The state’s Minister for Finance and Services, Dominic Perrottet has promised to introduce a full-scale digital licensing scheme if the Mike Baird government is re-elected, making NSW the first state in Australia to make move identity and authority credentials from wallets to handsets.
The pledge presses home the incumbent government’s conspicuous success in pursuing electronic service delivery reforms that have included the delivery of the Opal public transport smartcard, the introduction of swathe of online transactions the replace paper forms and the opening of one-stop-shops that provide services for multiple agencies.
The visible improvement in government services in the first term of the O’Farrell and Baird government’s remains one the Coalition’s key electoral advantages after the previous Labor government struggled badly to make reforms in areas like integrating public transport services exemplified by the decade-long Tcard debacle.

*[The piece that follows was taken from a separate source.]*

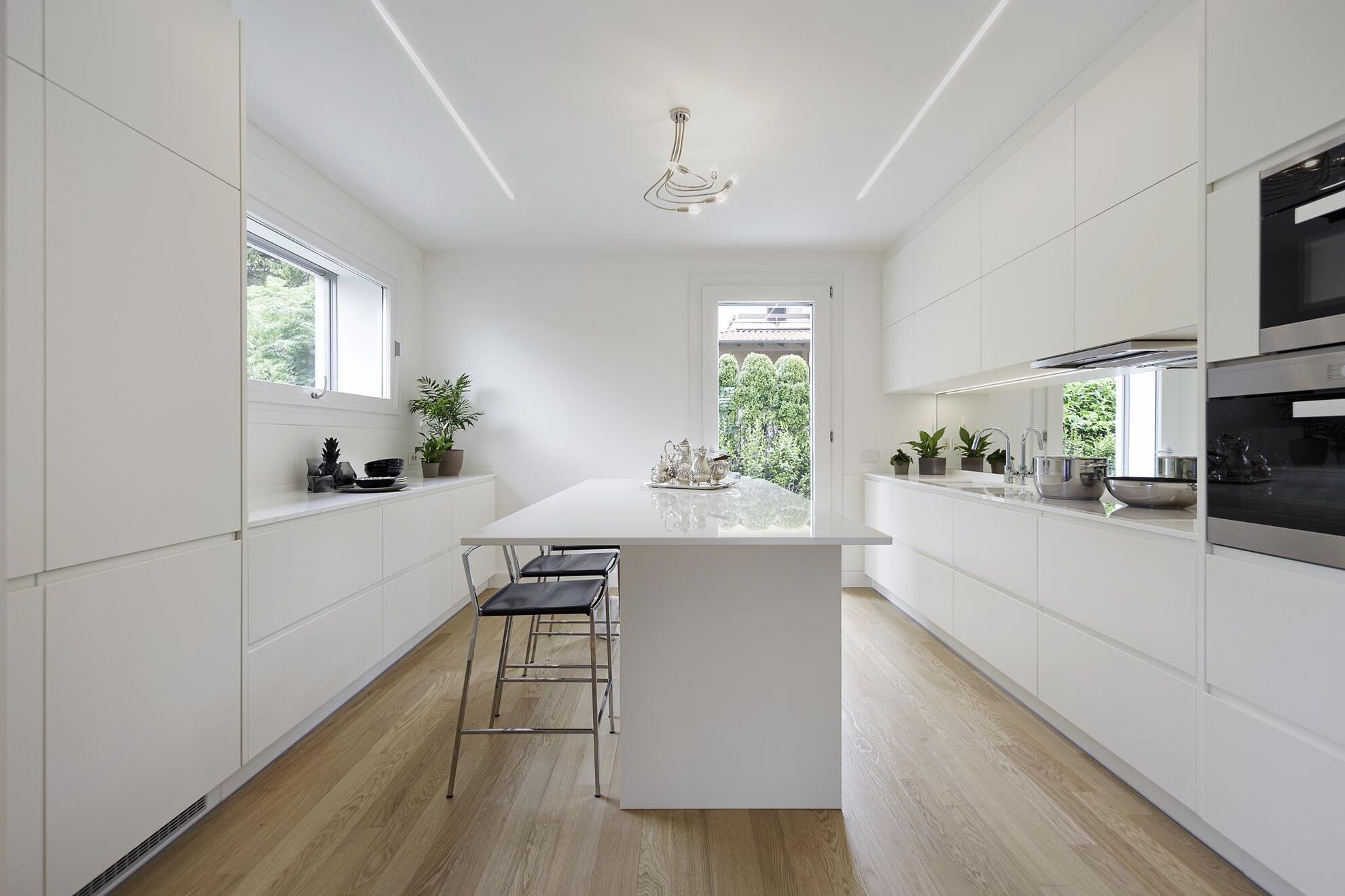 The furniture shown in this project has been designed and manufactured in close collaboration between Del Curto and the customer. White is the dominant color. The complete furniture and the kitchen are white lacquered and they both seem to disappear within the environment. The glossy kitchen counter top gives a sense of lightness and makes everything seem ethereal. The design is modern, essential, simple and characterized by clean lines. The spaces are furnished with soft-colored units and with wall paneling with a frame in matt white color as well.

Mr Perrottet said a relected government would task its Digital Council, which is chaired by the Customer Service Commissioner Mike Pratt, to develop a roadmap for taking all licences digital.

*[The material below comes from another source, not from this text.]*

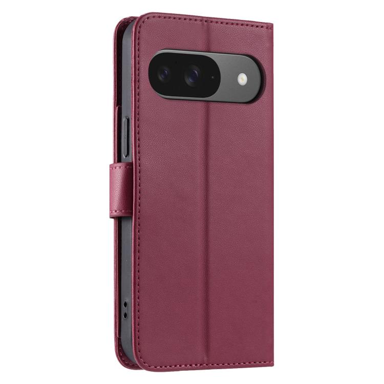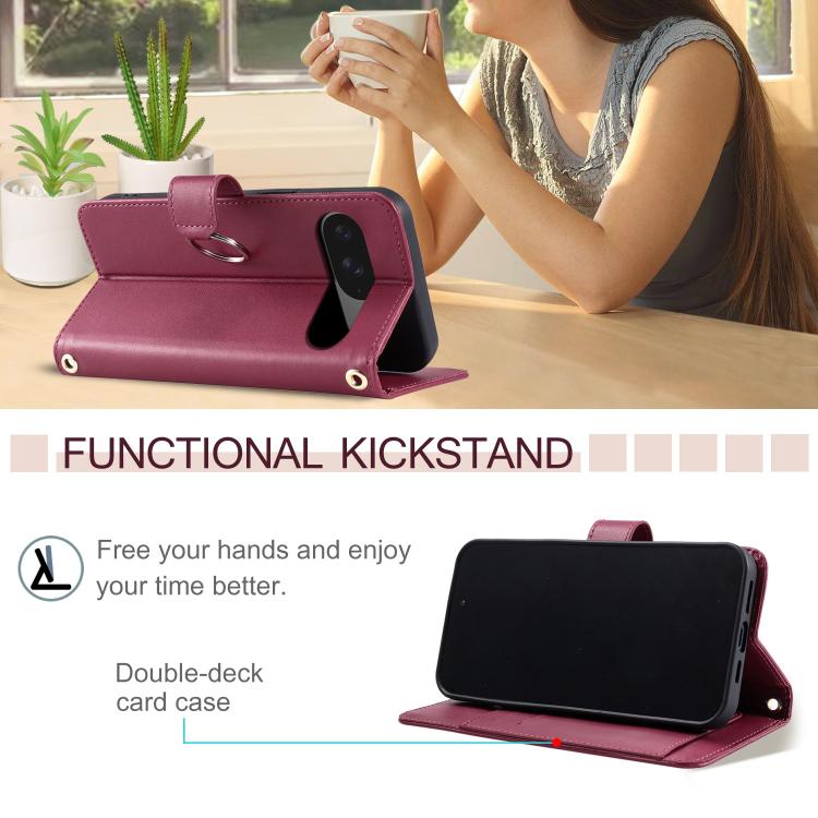 Funda de Cuero con Diseño Rómbico y Hebilla de Anillo para Google Pixel 9/9 Pro (Roja)

“Customers are doing more and more transactions on their smartphones. From cafes to banks, businesses are offering customers the opportunity to access their services, loyalty programs and payment systems through smartphone apps,” Mr Perrottet said.

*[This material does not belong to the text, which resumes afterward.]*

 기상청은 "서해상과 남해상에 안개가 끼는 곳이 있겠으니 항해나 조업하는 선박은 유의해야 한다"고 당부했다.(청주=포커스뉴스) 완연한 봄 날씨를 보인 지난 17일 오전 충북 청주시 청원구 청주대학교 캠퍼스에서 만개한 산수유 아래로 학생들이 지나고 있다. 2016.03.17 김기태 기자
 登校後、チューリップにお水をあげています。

“While the private sector has shifted to digital, the NSW Government must do the same.”
However the move is about a lot more than convenience.
The NSW government estimates it issues more than 2.8 million plastic cards every year generating costs of “tens of millions of dollars in printing” according to the Finance and Services Minister.
“There are currently over 123 different licence types,” Mr Perrottet said.
“We will target digital formats for a range of common licences, including NSW photo cards, boat and fishing licences, and eventually drivers’ licences. Over time, this means that citizens will not need to carry around multiple licences in their wallets.”
The government is also emphasising that the digital licensing switch has the backing of the state’s police, which need to check state issued authorisations that range across from drivers licenses and gun licenses to proof of age identity cards needed for young people to get into pubs.
“The Police Commissioner is a strong supporter of this reform, and he will be consulted closely during the implementation of this exciting initiative,” Mr Perrottet said, adding that jurisdictions in the United States including Iowa and Delaware in the US have already announced their switch to digital drivers’ licences.
But the bold move to a digital license format is certain to have implications for other states and private industry stakeholders including banks and telecommunications companies that require people to front their identity documents before selling services.
One issue for police in other states is that if and when the NSW scheme becomes a reality, they will have to check the digital licenses when pulling over interstate drivers from the state. That could produce some interesting scenarios in the event a target driver’s smartphone has a flat battery.
On the flipside, the leadership shown by NSW could provide other states with savings and learning dividends in the event the state shares its smarts and standards with other jurisdictions – a move that has already garnered support on other fronts such as using opening procurement panels to local and federal buyers as well as agencies in other states.
“Other jurisdictions such as Iowa and Delaware in the US have already announced a move to digital drivers’ licences,” he said. “I look forward to working with the Digital Council to ensure that security, privacy and regulatory issues are worked through.”
“The Police Commissioner is a strong supporter of this reform, and he will be consulted closely during the implementation of this exciting initiative.”
The Digital Council will include a range of experts from across government (including Police, Roads and Maritime Services, Office of Finance and Services and Service NSW) and will also seek input from leading digital practitioners in the corporate sector.
It is understood that, election result permitting, the new Digital Council will be consulting with other states over the rollout.
Mr Perrottet said the Digital Council would include a range of experts from across government — including Police, Roads and Maritime Services, Office of Finance and Services and Service NSW – and also seek input from leading digital practitioners in the corporate sector.